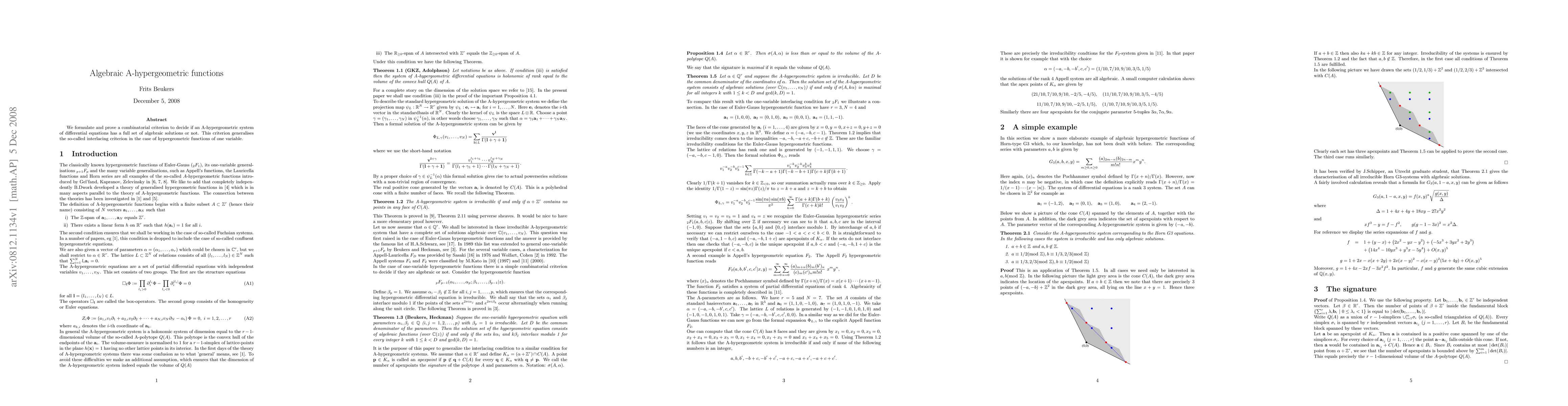 We formulate and prove a combinatorial criterion to decide if an A-hypergeometric system of differential equations has a full set of algebraic solutions or not. This criterion generalises the so-called interlacing criterion in the case of hypergeometric functions of one variable.
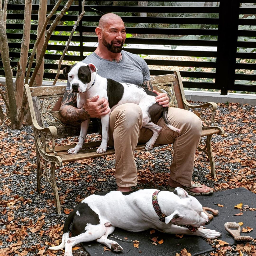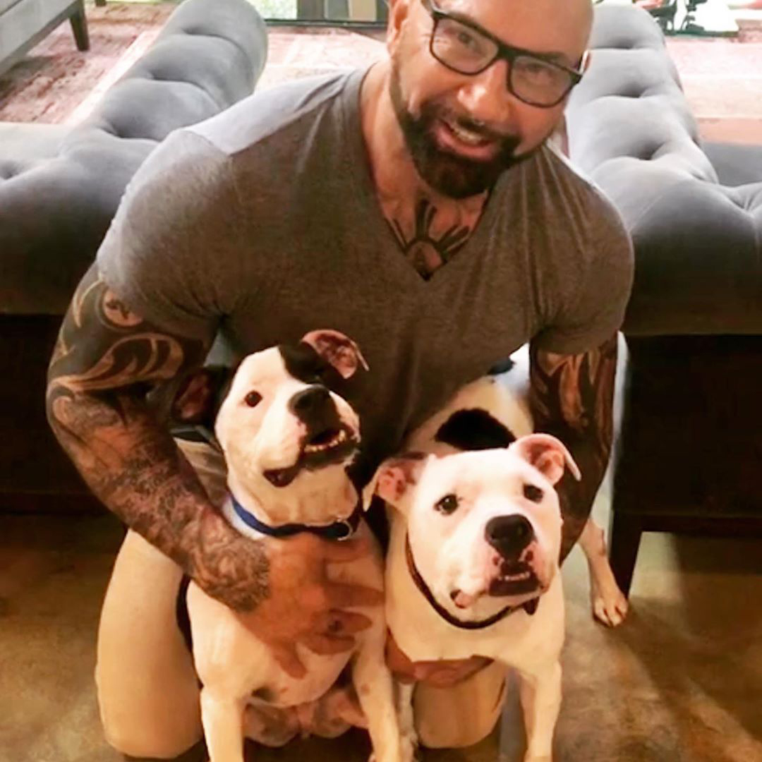 The Guardians of the Galaxy star Dave Bautista introduced his two adopted pit bulls, both of which are undoubtedly the cutest fur babies out there.
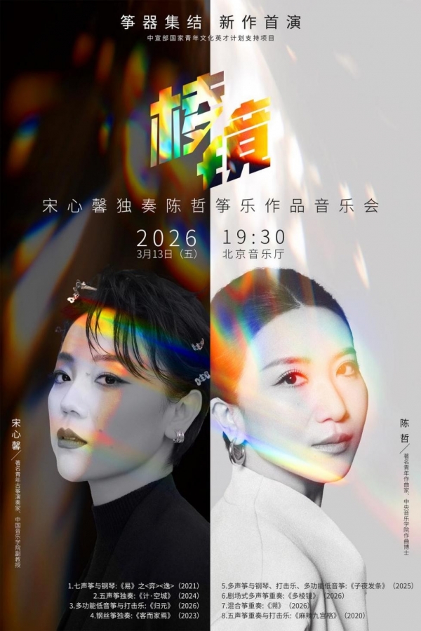 以八部作品构建一座声音的棱镜,折射出作曲家陈哲与演奏家宋心馨对筝乐艺术深度与广度的探索。 音乐会以乐器革新为声景,构建多元音色宇宙。从五声筝的传统根脉,到钢丝筝的典雅余韵;从七声筝的现代哲思,到多声筝的立体层次,再到多功能低音筝的深沉空间——每一件革新筝器都成为独特的叙事媒介,如棱镜般折射出筝乐艺术的万千可能。

*****

> About this exercise
Each line above should be set down exactly as written, with pictures excluded.

> Solved exercise
 We formulate and prove a combinatorial criterion to decide if an A-hypergeometric system of differential equations has a full set of algebraic solutions or not. This criterion generalises the so-called interlacing criterion in the case of hypergeometric functions of one variable.
 The Guardians of the Galaxy star Dave Bautista introduced his two adopted pit bulls, both of which are undoubtedly the cutest fur babies out there.
 以八部作品构建一座声音的棱镜,折射出作曲家陈哲与演奏家宋心馨对筝乐艺术深度与广度的探索。 音乐会以乐器革新为声景,构建多元音色宇宙。从五声筝的传统根脉,到钢丝筝的典雅余韵;从七声筝的现代哲思,到多声筝的立体层次,再到多功能低音筝的深沉空间——每一件革新筝器都成为独特的叙事媒介,如棱镜般折射出筝乐艺术的万千可能。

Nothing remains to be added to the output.